El periodista Abel González fue el elegido por la empresa para tal función, y siguiendo los parámetros internacionales que rigen la actividad de los “defensores” se estableció que su contrato duraría un año y sería renovable, a la vez que se advertía que no podría “ser relevado de su cargo como consecuencia de sus críticas”.6

Con este marco quedaban establecidos en el diario Perfil dos espacios de y para los lectores: por un lado la típica sección “Correo”, que se publicaba todos los días en la página 2 (destinado a las opiniones, críticas, ideas y propuestas de los lectores) y por el otro la columna de González, que aparecía los sábados y domingos siempre en la página 4 –dentro de la sección Ideas–.

2.3. El ombudsman: entre anécdotas, críticas y errores

Que las normas del Código de Ética de Perfil no fueran una “simple enumeración retórica” fue planteado por el ombudsman González –en el primer artículo que publicó el 9 de mayo de 1998– como el pilar fundamental de su gestión, y en el respeto y defensa de esos principios no sólo pretendió comprometerse él, sino que involucraba a “las fuentes, los generadores de noticias y especialmente a los lectores”.

Si se analizan las columnas de González, todas parecen presentar la misma estructura: una anécdota o hecho histórico era vinculado con una carta del lector y a partir de allí se disparaba la reflexión; se daba la voz a la réplica o la aceptación del error por parte de la redacción, y finalmente el ombudsman –en la mayoría de los casos– tomaba partido por una u otra de las partes en conflicto.

En cada columna se hacía referencia a dos o tres mensajes de los lectores, los cuales eran identificados con nombre, apellido, profesión y lugar de residencia. En cuanto a la temática, se optaba por agrupar reclamos o sugerencias similares como para dotar de coherencia a la reflexión. A nivel visual, el espacio del defensor se presentaba siempre ilustrado en su interior con una foto del personaje o hecho noticioso aludido.

En tanto, los canales de comunicación ofrecidos por el diario para contactarse con el ombudsman eran resumidos al final de la columna: dirección de correo electrónico, teléfono y fax, y la mención del día de la semana y la hora en la cual González atendía personalmente la línea.
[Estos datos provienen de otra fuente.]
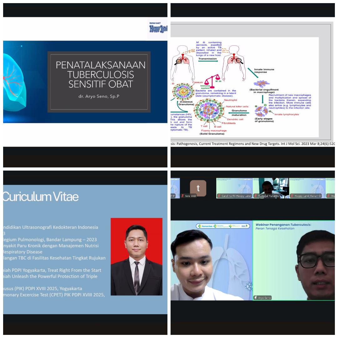 Kegiatan dibuka secara resmi oleh Direktur RS Happy Land Medical Center, dr. Gusti Raditya K., yang dalam sambutannya menyampaikan bahwa webinar ini merupakan langkah penting dalam upaya meningkatkan pemahaman dan keterampilan tenaga kesehatan dalam penanganan TBC.

Dado este marco sobre la estructura y organización de la columna, es momento de preguntarse: ¿qué es lo que reclaman los lectores a su diario cuando se les ofrece un espacio específico de defensa de sus derechos?, y ¿cómo reaccionan el ombudsman, el medio y sus profesionales ante la marcación de los errores?. Finalmente, nos proponemos pensar si el derecho al disenso y la posibilidad de crítica interna y externa que presentó Perfil no fue una causa más –que sumada a la escasez de ventas de ejemplares– llevó al cierre de este medio y con él al fin de la primera experiencia en el periodismo diario argentino de la figura del ombudsman.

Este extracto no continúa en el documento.